• Work to be completed
Copy exactly the lines from the beginning of the data down to and including the line holding "함께 코디한 참고컷입니다.", without any pictures.
--- Dataset excerpt ---
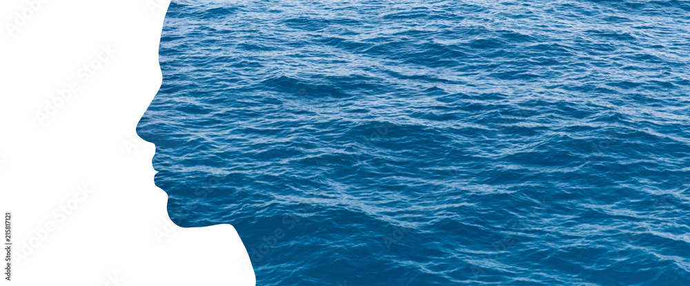 beauty, nature, travel and ecology concept - portrait of woman profile with sea water with double exposure effect
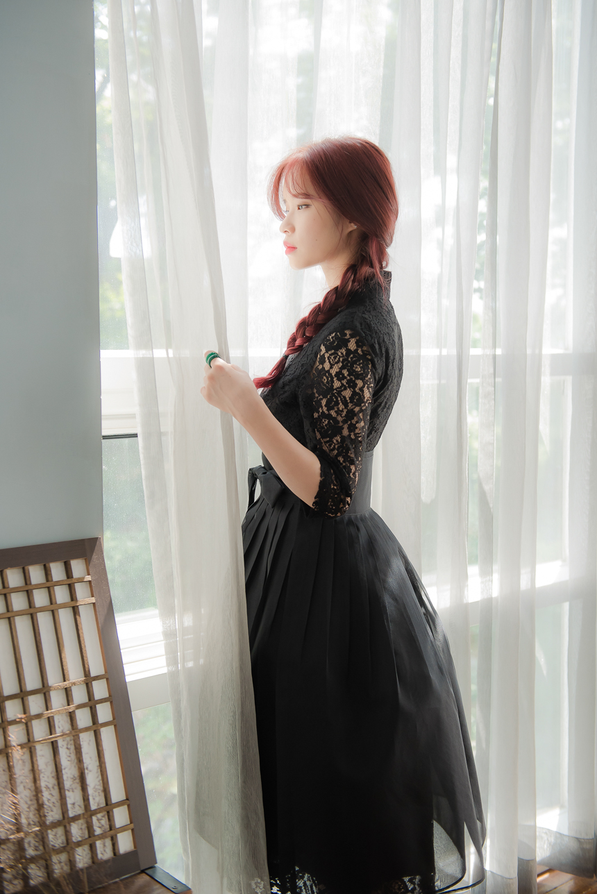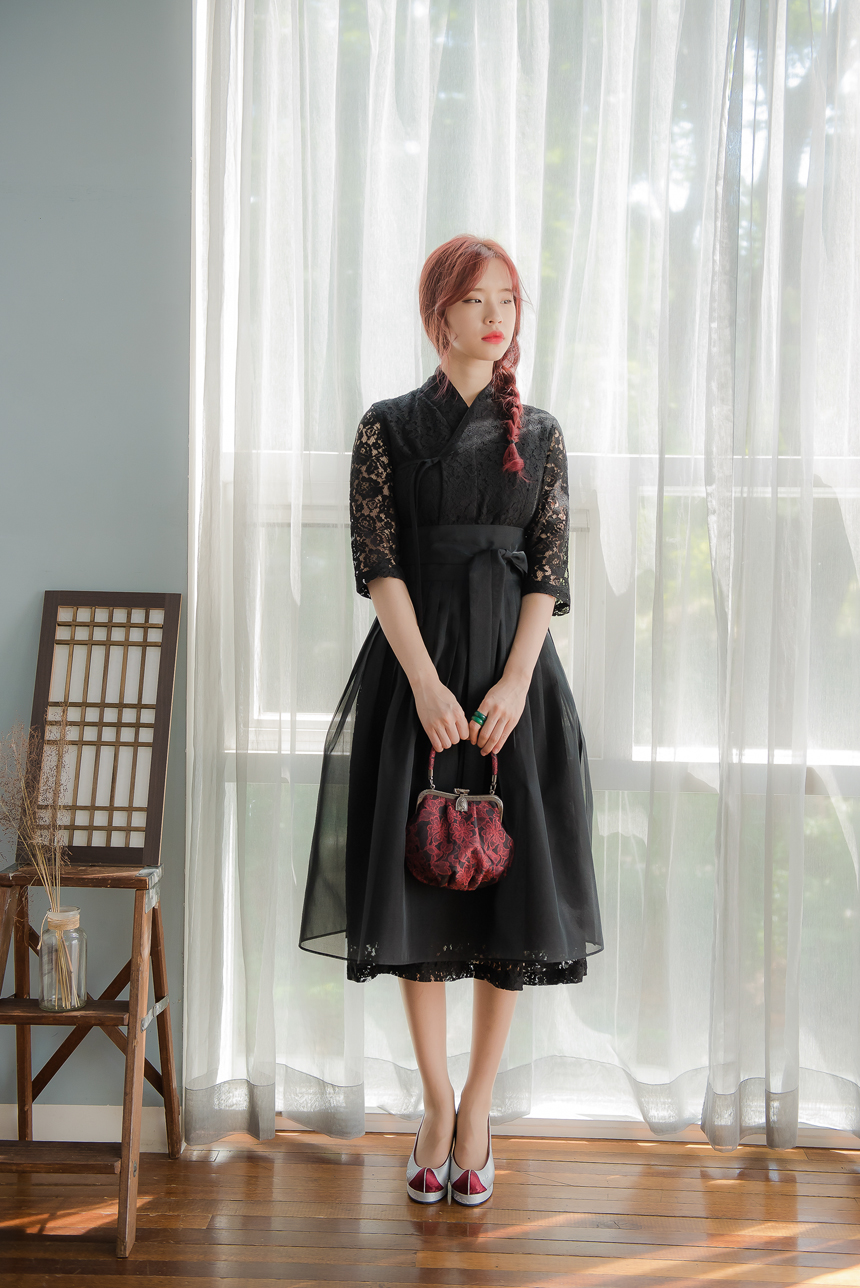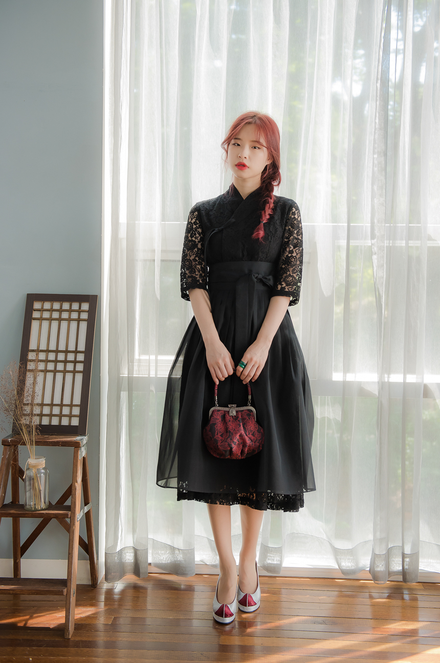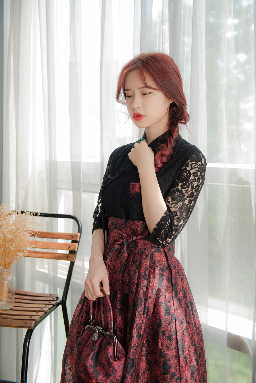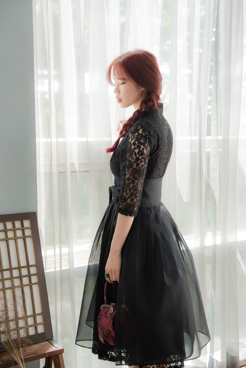 *아래사진은 꽃닮 시스루 덧치마 블랙과 함께 코디한 참고컷입니다.
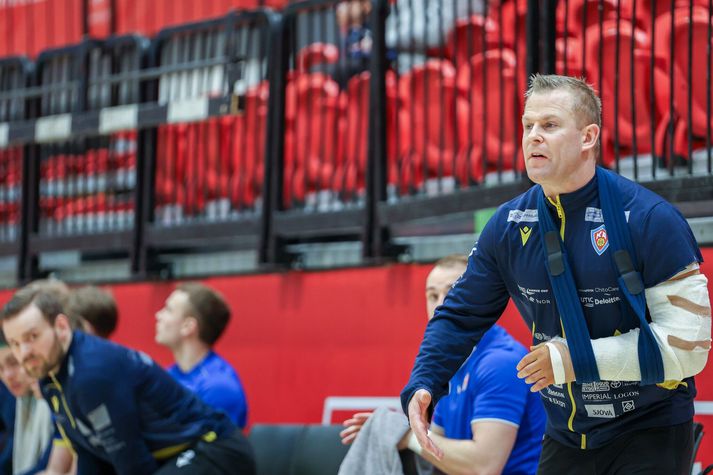 Valur bar sigurorð af KA, 36-31, þegar liðin leiddu saman hesta sína í N1-höllina að Hlíðarenda í 18. umferð Olís-deildar karla í handbolta i dag. Valur komst yfir strax í upphafi leiks og jók forskot sitt hægt, rólega og stöðugt í fyrri hálfleik. Staðan í hálfleik var síðan 16-12 Valsmönnum í vil sem höfðu góð tök á þessum leik frá upphafi til enda. Leikmenn Vals héldu áfram að auka við forystu sína í seinni hálfleik og um miðjan seinni hállfeikinn var staðan 27-20 fyrir Val. KA-menn náðu að narta í hæla Vals og minnkuðu muninn í þrjú mörk, 28-25, þegar Arnór Ísak Haddsson skoraði rúmum tíu mínútum fyrir leikslok. Þá fundu Valsmenn fjölina á nýjan leik og heimamenn sigldu að lokum sannfærandi fimm marka sigri í höfn. Lokatölur í leiknum urðu 36-31 en þessi sigur Valsliðsins fleytir liðinu á topp deildarinnar. Valur hefur 28 stig á toppnum en Haukar eru í öðru sæti með 26 stig og FH kemur þar á eftir með sín 25 stig. ÍBV og Aftureldinga hafa svo 23 stig hvort lið í fjórða til fimmta sæti. KA situr svo í sjötta sætinu með 22 stig. Ágúst Þór Jóhannsson, þjálfari Vals, ræðir við lærisveina sína. Visir/Pawel Ágúst Þór: Orkustigið var gott allan leikinn „Ég var sáttur við það hvernig við nálguðumst þetta verkefni. Við mættum af gríðarlegum krafti inn í þennan leik og náðum fljótlega undirtökunum. Við spiluðum góða vörn heilt yfir í leiknum og fengum fáar brottvísanir sem er mikilvægt þegar þú er að spila við KA þar sem þeir eru mjög góðir í yfirtölu,“ sagði Ágúst Þór Jóhannsson, þjálfari Vals, léttur líkt og hans er von og vísa að leik loknum. „Það lögðu margir leikmenn eitthvað í púkkinn og orkustigið í liðinu var einkar gott og það skilaði þessum sigri. Við erum að spila án Magnúsar Óla, Dags Árna og Agnars Smár og ungir leikmenn eins og Gunnar Róbertsson og Dagur Leó eru að taka við keflinu og axla ábyrgð sem er afar jákvætt,,“ sagði Ágúst Þór enn fremur. „Liðið er á góðum stað og það hefur verið góður stígandi í spilamennskunni eftir slaka frammistöðu á móti Haukum í fyrsta leiknum eftir landsleikjahléið. Við vorum flatir í þeim leik en höfum stigið upp eftir það og ég er ánægður með stöðuna,“ sagði hann. „Við þurfum hins vegar að halda vel á spilunum og nú er bara að endurheimta eftir þennan bardaga og búa okkur vel undir næsta leik. Það er alltaf eitthvað sem er hægt að bæta og við stefnum að því að bæta okkur leik frá leik,“ sagði Ágúst um framhaldið. Andri Snær: Varnaleikurinn ekki nógu öflugur framan af leik „Varnarleikurinn var ekki nógu góður í fyrri hálfleik og af þeim sökum grófum við okkur ofan í holu sem er erfitt gegn jafn sterku liði og Valur hefur á að skipa. Það vantaði upp á grimmd og við náðum ekki loka þeim glufum sem við ætluðum og það er svekkjandi,“ sagði Andri Snær Stefánsson, þjálfari KA, eftir leik. „Varnarleikirinn var þéttari í seinni hálfleik og við náðum að koma okkur inn í leikinn. Því miður náðum við ekki að snúa taflinu okkur í vil en það bara áfram gakk eftir þetta tap,“ sagði Andri Snær þar að auki. „Til þess að bæta gráu ofan á svart missum við Morten Linder. Mig grunar að hann hafi farið úr axlarlið og það er vont ef að við missum hann út í næstu leikjum okkar,“ sagði hann. „Nú er bara að koma okkur upp á hestinn aftur. Það eru spennandi verkefni fram undan bæði í deild og bikar og við hlökkum til þeirra. Við höfum verið að spila vel eftir áramót og erum með hörkulið sem getur gert skemmtilega hlut það sem eftir lifir tímabils,“ sagði Andri um komandi tíma hjá norðanmönnum. Andri Snær Stefánsson, þjálfari KA, hefði viljað sjá sterkari varnarleik í fyrri hálfleik. Vísir/Pawel
---
• Output below
 beauty, nature, travel and ecology concept - portrait of woman profile with sea water with double exposure effect
 *아래사진은 꽃닮 시스루 덧치마 블랙과 함께 코디한 참고컷입니다.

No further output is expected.